Sunday, October 15, 2006

Cardinals 5, Mets 0
(Cardinals lead NLCS 2-1)

This was a total team effort. Bad starting pitching, bad defense and a completely impotent offense left the Mets in serious trouble. Darren Oliver pitched a heck of a game, though.

Steve Trachsel was awful from the start, putting the first three batters he faced on base. He picked off leadoff batter David Eckstein to limit the damage somewhat, but Trachsel was never in control. Still, he had a chance to escape the first inning unscathed. He got Jim Edmonds to pop out for the second out and then Scott Spiezio hit a fly ball to right field. Unfortunately for the Mets, Shawn Green is still their right fielder. He turned this potential third out into a two-run triple with his circuitous route to it and his subsequent hopeless dive. The Mets don't have much choice but to play Green given their only healthy reserve outfielders are Michael Tucker and, theoretically, Chris Woodward.
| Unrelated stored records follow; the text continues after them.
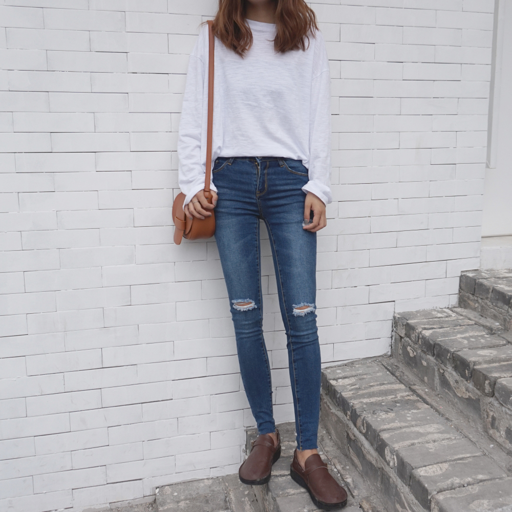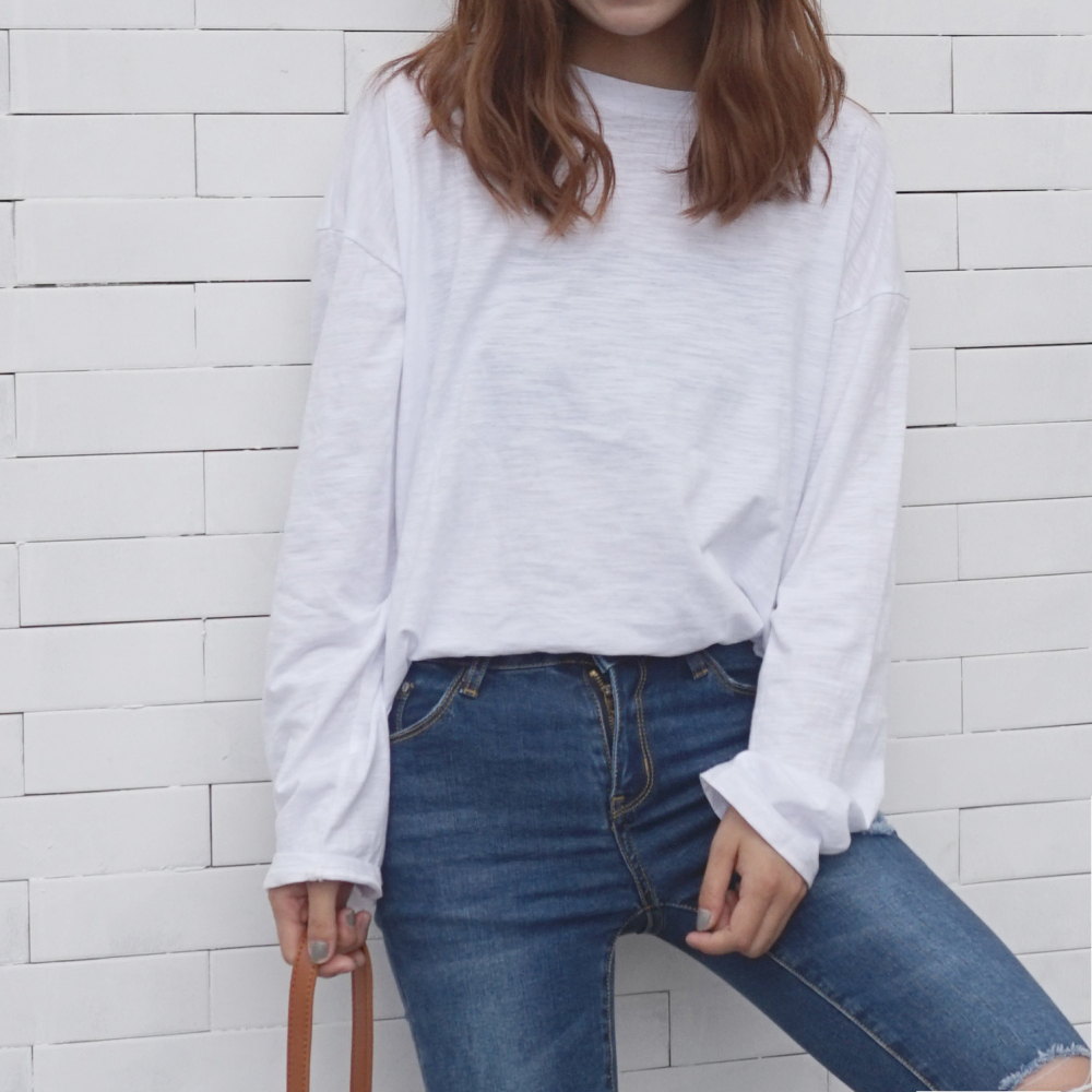 / 秋裝韓版新款女裝寬松顯瘦白色百搭學生純色長袖T恤上衣潮
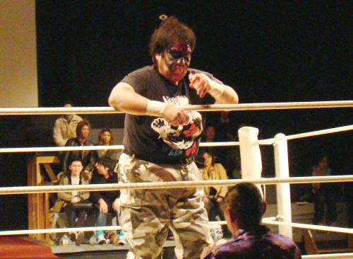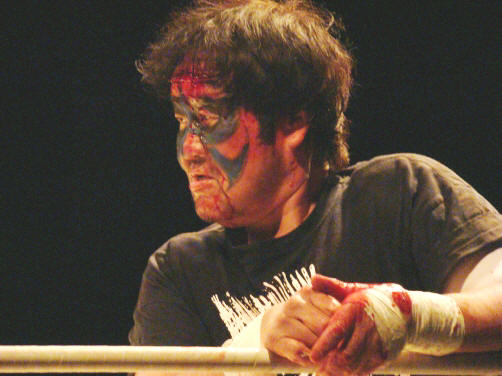 最後は鎖鎌のクサリでgosakuを絞首刑。レフェリーストップでボーゴさんの勝利。
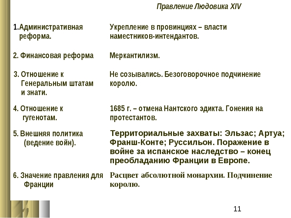 Как стремление к укреплению Франции и власти короля проявлялось во внутренней и внешней политике Людовика 14.Составьте таблицу.
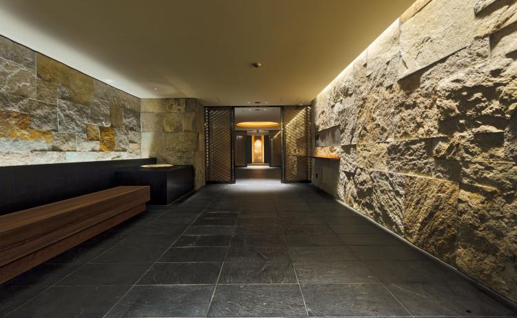 - 木質と石材を組み合わせた共用空間
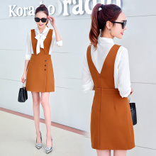 连衣裙女2017春装新款韩范修身蝴蝶结长袖衬衫背带裙两件套装裙潮
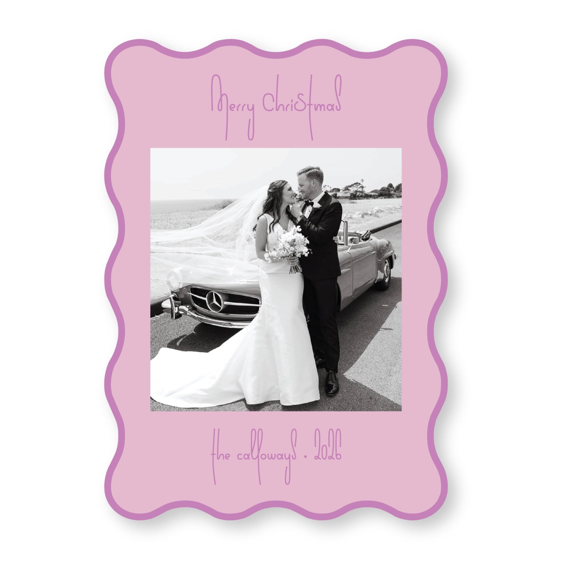 PRINTED Die Cut Holiday Card | Swirly Season in Purple Wavy Card | 5x7 Holiday Photo Card with Envelope
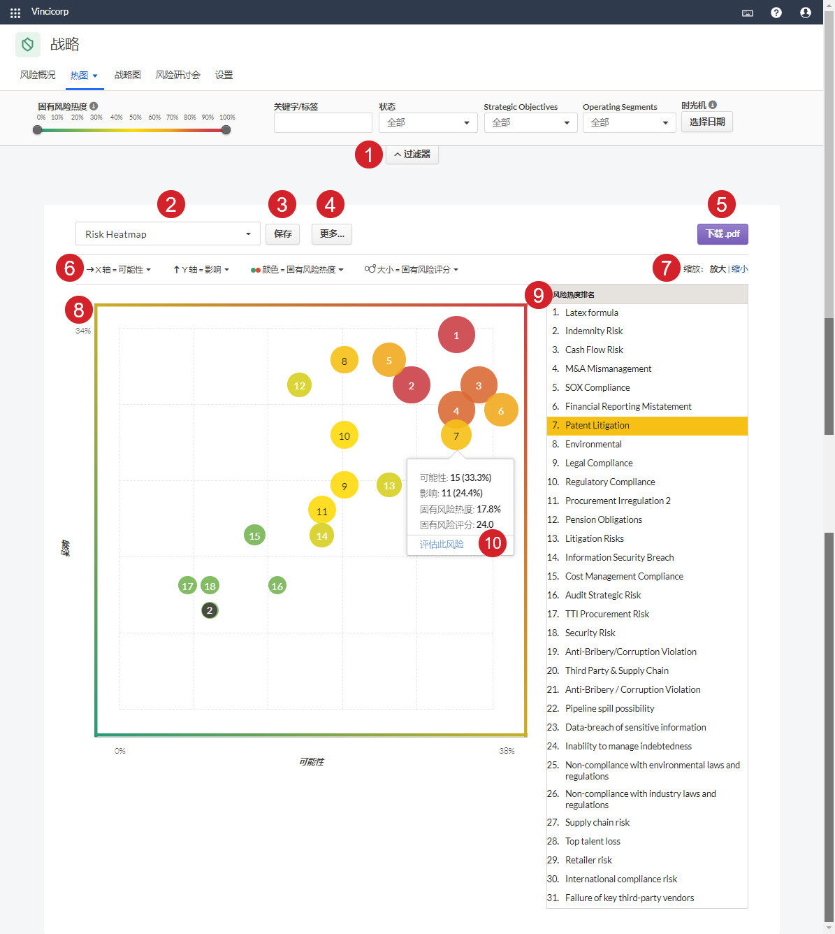 将战略热图导出至 .pdf 。已应用的过滤器会被保存并反映在该 PDF 中。 |

But their failure to call up Lastings Milledge before September 1st, thus making him ineligible for the playoffs unless Cliff Floyd is placed on the DL, looks rather inexplicable right now.

Of course, it wasn't Green who walked the next two batters after Spiezio's triple before getting out of the inning. I don't think he's the one that gave up a home run to pitcher Jeff Suppan to lead off the second, either. Trachsel gave up two more walks and a single before being replaced, with no one out, by Darren Oliver. Oliver let two of Trachsel's runners score, but after that he was excellent, pitching six shutout innings on three hits and one walk.

That was too little, too late, however, because Suppan completely dominated the Mets for eight innings, allowing just three hits and one walk. Jose Reyes's two-out triple in the third inning was the closest they came to threatening. They never put two runners on base in the same inning.

So now the Mets trail 2-1 and have to depend on Oliver Perez (3-13, 6.55) to keep them in the series. Perez is capable of giving the Mets a brilliant outing, but he's also capable of getting knocked out in the first inning. Fortunately, Cardinals starter Anthony Reyes (5-8, 5.06) is a rather similar pitcher. In his final regular season start, he pitched just two-thirds of an inning and gave up four runs on five hits including two home runs. He hasn't pitched since. Anything could happen tonight, even a 1-0 pitchers' duel. After watching this Mets team all year, all I can say is I don't think they'll go quietly.